Japan and its economic allies today vowed to intervene jointly in world currency markets for the first time in a decade to calm turmoil sparked by a huge earthquake and a deepening nuclear crisis.
The announcement that the Japanese, US, euro zone, Canadian and British monetary authorities would take concerted action immediately pushed down the yen as intended and helped to lift battered Tokyo shares.
The pledge came after emergency telephone talks by the Group of Seven nations in response to a surge in the yen, which threatened the Japanese economy's recovery prospects following the March 11 quake and tsunami.
'We express our solidarity with the Japanese people in these difficult times, our readiness to provide any needed cooperation and our confidence in the resilience of the Japanese economy and financial sector,' a G7 statement said.
'As we have long stated, excess volatility and disorderly movements in exchange rates have adverse implications for economic and financial stability. We will monitor exchange markets closely and will cooperate as appropriate,' the statement added.
The G7 groups Britain, Canada, France, Germany, Italy, Japan and the US.

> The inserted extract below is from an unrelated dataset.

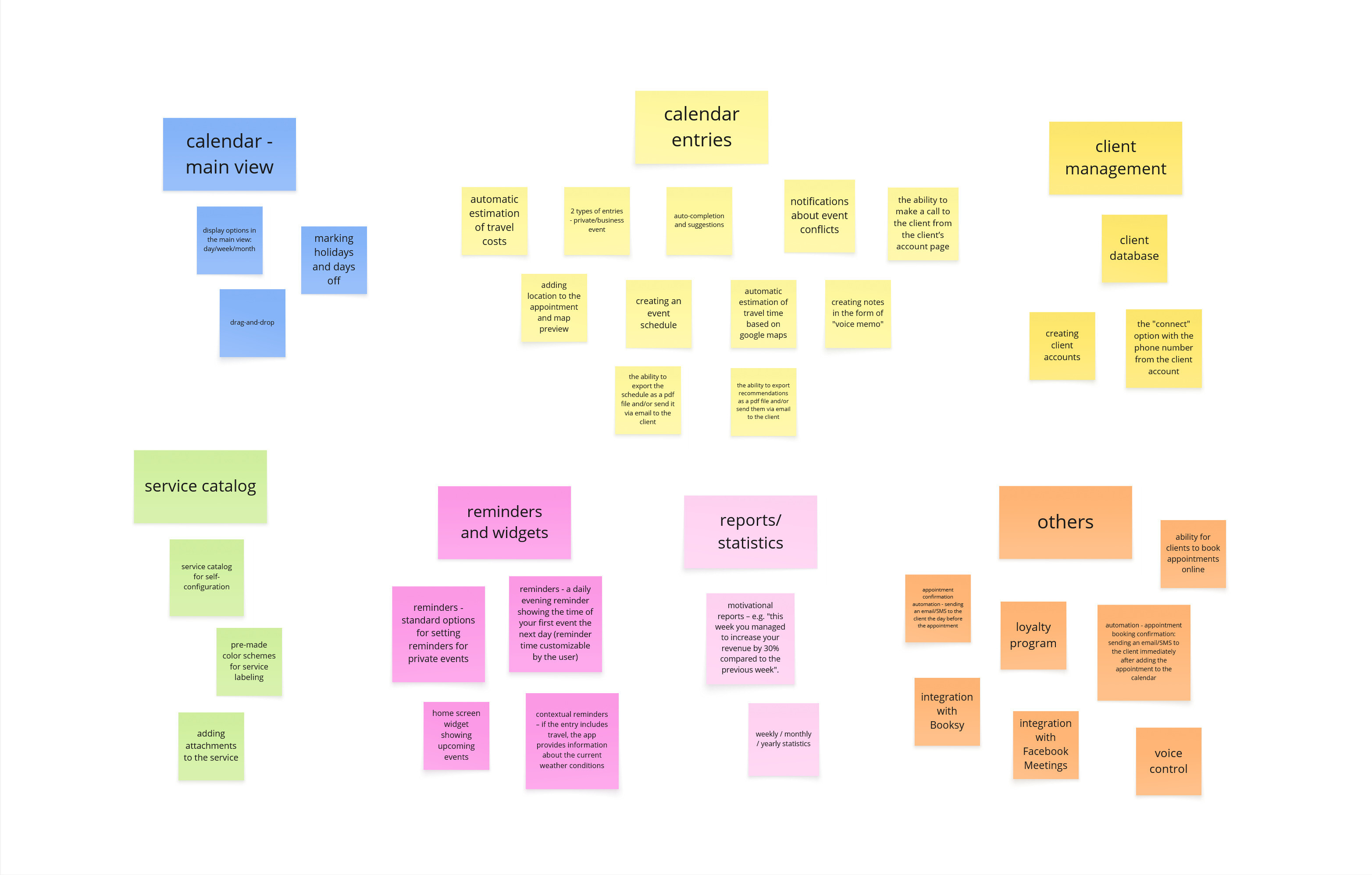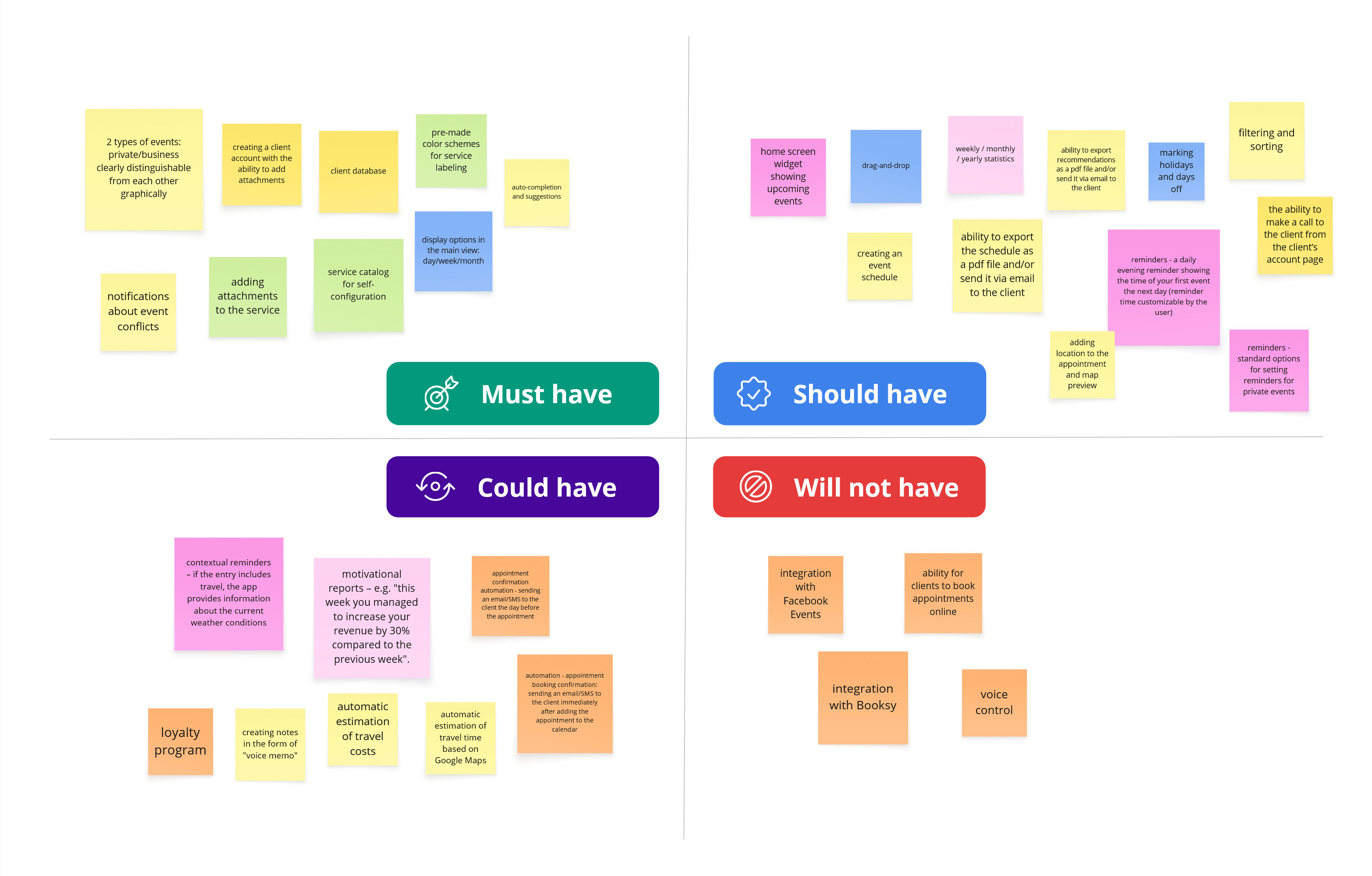 After generating ideas, I grouped them into seven categories. Then, to identify the key functionalities for the project, I applied the MoSCoW prioritization method.
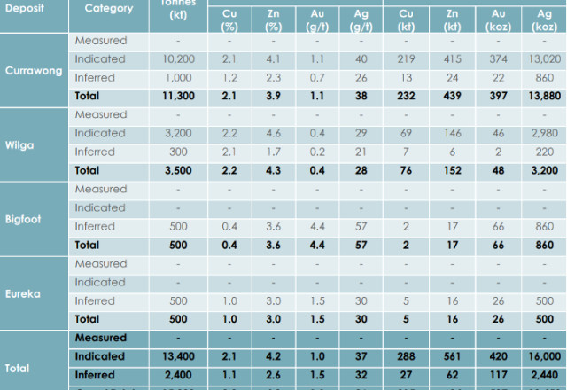 The historical Wilga mine produced copper and zinc and was operated from October 1992 to July 1996(6).

The European Central Bank and German central bank today confirmed they were participating in joint intervention with Japan to stabilise foreign exchange markets after the G7 agreed to weaken the yen.
The ECB said in a statement that it 'will join with Japan, on 18 March 2011, in concerted intervention in exchange markets,' but a spokeswoman declined to comment further.
A spokeswoman at Germany's Bundesbank said it had taken part in a global effort to keep the Japanese yen from spiking higher in the aftermath of last week's massive earthquake but could not provide specific details.
Dealers said Japan appeared to have intervened soon after the G7 announcement, selling around 2 trillion yen. The unit had strengthened sharply despite fears of a major hit to the Japanese economy from the natural disasters and resulting atomic crisis.
The dollar rose sharply against the yen today in the wake of the G7 pledge, rebounding back above the 81 level. It fetched 81.76 yen this morning. The dollar had tumbled below 77 yen yesterday, hitting its lowest level against the Japanese currency since World War II, a move Tokyo blamed on speculators betting on an influx of capital to aid reconstruction efforts.
A stronger currency is bad news for Japanese exporters already battered by the quake-tsunami disaster, which has left almost 17,000 people dead or missing and inflicted widespread damage to homes and infrastructure.
'We believe it is extremely important that G7 countries unite and cooperate towards stabilising the markets when our country is in a difficult state,' Japan's Finance Minister Yoshihiko Noda said.
The Bank of Japan injected another four trillion yen ($49 billion) of emergency funds into the short-term money markets today - the latest in a series of injections to prevent financial institutions running out of cash.
Tokyo shares higher on G7 move
Tokyo shares surged as investors welcomed the G7 announcement, with the Nikkei index closing 2.7% higher. Shares of TEPCO, which operates the troubled Fukushima Number One nuclear power plant, closed up 19%, having lost over 62% over the past five sessions since Thursday. The Nikkei index had suffered the biggest two-day sell-off for 24 years on Monday and Tuesday, plunging 16%.
Markets have been on edge all week as Japanese authorities battle to regain control of a stricken nuclear power plant that has suffered a series of blasts after the 9.0-magnitude quake and tsunami.
Officials have been trying to douse radioactive fuel rods using helicopters and water cannon while also racing to reconnect electricity to restart the plant's cooling systems in a desperate bid to prevent more radiation leaking.
Japan relies on its nuclear plants to provide around 30% of its energy needs, and shutdowns in the wake of the massive earthquake have led to rolling outages that have forced companies to suspend production lines.
Damage from the earthquake could potentially amount to tens of trillions of yen and could lead to months of disruption to Japan's factory production due to supply problems and power cuts, analysts say.